En matière de travail le dimanche (art.7 de l’ordonnance), les entreprises relevant de secteurs d’activité nécessaires à la sécurité de la Nation ou à la continuité de la vie économique ainsi que les entreprises qui assurent à celles-ci des prestations nécessaires à l’accomplissement de leur activité seront autorisées à déroger au repos dominical en attribuant le repos hebdomadaire par roulement.

Ces mesures et dérogations cesseront de produire leurs effets le 31 décembre 2020.
 

Ordonnance n° 2020-324, 25 mars 2020, portant mesures d’urgence en matière de revenus de remplacement mentionnés à l’article L. 5421 2 du code du travail

L’ordonnance n° 2020-324 du 25 mars 2020 (1)(2) détermine les dispositions spécifiques en matière de durée d'indemnisation des travailleurs privés d'emploi bénéficiaires d'un revenu de remplacement, afin de tenir compte des conséquences économiques, financières et sociales de la propagation du covid-19 pour les intéressés.

Il est prévu un maintien des allocations d’aide au retour à l’emploi des demandeurs d’emploi dont les droits expirent entre le 12 mars 2020 et une date fixée par arrêté du ministre chargé de l’emploi, qui ne pourra toutefois pas excéder le 31 juillet 2020.

L'article 1er prévoit que pour les demandeurs d'emploi qui épuisent pendant cette période leur droit à l'allocation de retour à l'emploi (ARE), à l'allocation de solidarité spécifique (ASS) et aux allocations spécifiques pouvant être versées aux intermittents du spectacle, la durée pendant laquelle l’allocation est versée fait l’objet d’une prolongation déterminée par arrêté du ministre de l’emploi. Pour rappel, l’allocation de solidarité spécifique peut être accordée en cas d’épuisement des droits au chômage et lorsque les ressources mensuelles ne dépassent pas un certain plafond.

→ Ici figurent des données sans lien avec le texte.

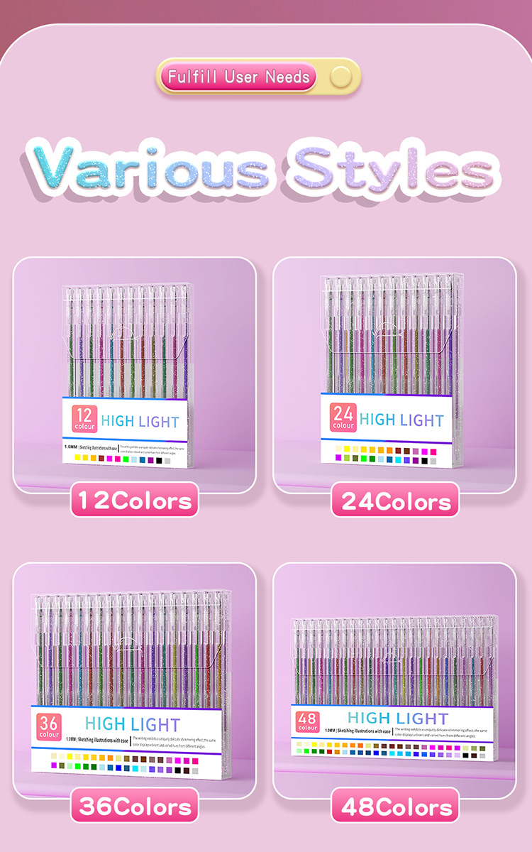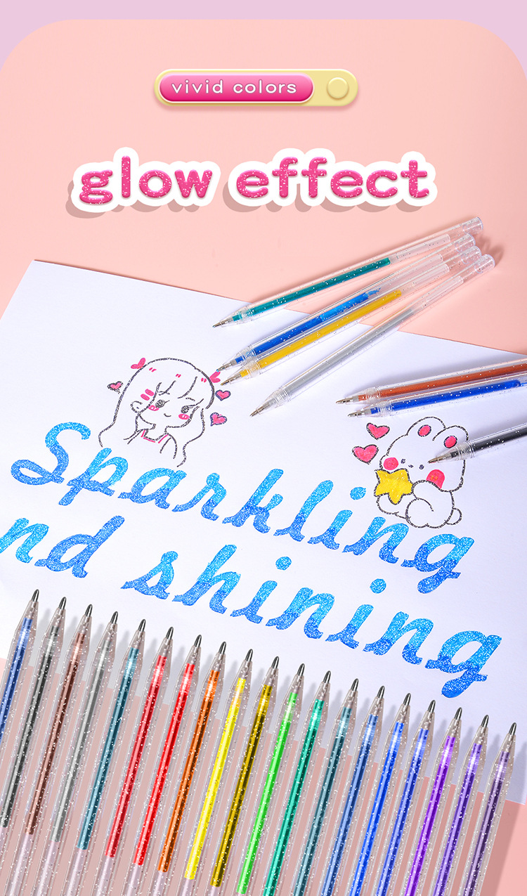 闪光啫喱笔套装彩色中性笔绘画做笔记专用手帐笔学生1.0mm画画笔

Ces dispositions concernent également l'allocation d'assurance dont la charge est assurée par les employeurs publics mentionnés à l'article L. 5424-1 (3) du code du travail, au bénéfice notamment :
  1. des agents fonctionnaires et non fonctionnaires de l'État et de ses établissements publics administratifs, les agents titulaires des collectivités territoriales ainsi que les agents statutaires des autres établissements publics administratifs ainsi que les militaires ;
  2. des agents non titulaires des collectivités territoriales et les agents non statutaires des établissements publics administratifs autres que ceux de l'État et ceux mentionnés au 4° ainsi que les agents non statutaires des groupements d'intérêt public ;
  3. des salariés des entreprises inscrites au répertoire national des entreprises contrôlées majoritairement par l'État, les salariés relevant soit des établissements publics à caractère industriel et commercial des collectivités territoriales, soit des sociétés d'économie mixte dans lesquelles ces collectivités ont une participation majoritaire ;
  4. Les salariés non statutaires des chambres de métiers, des chambres d'agriculture, ainsi que les salariés des établissements et services d'utilité agricole de ces chambres.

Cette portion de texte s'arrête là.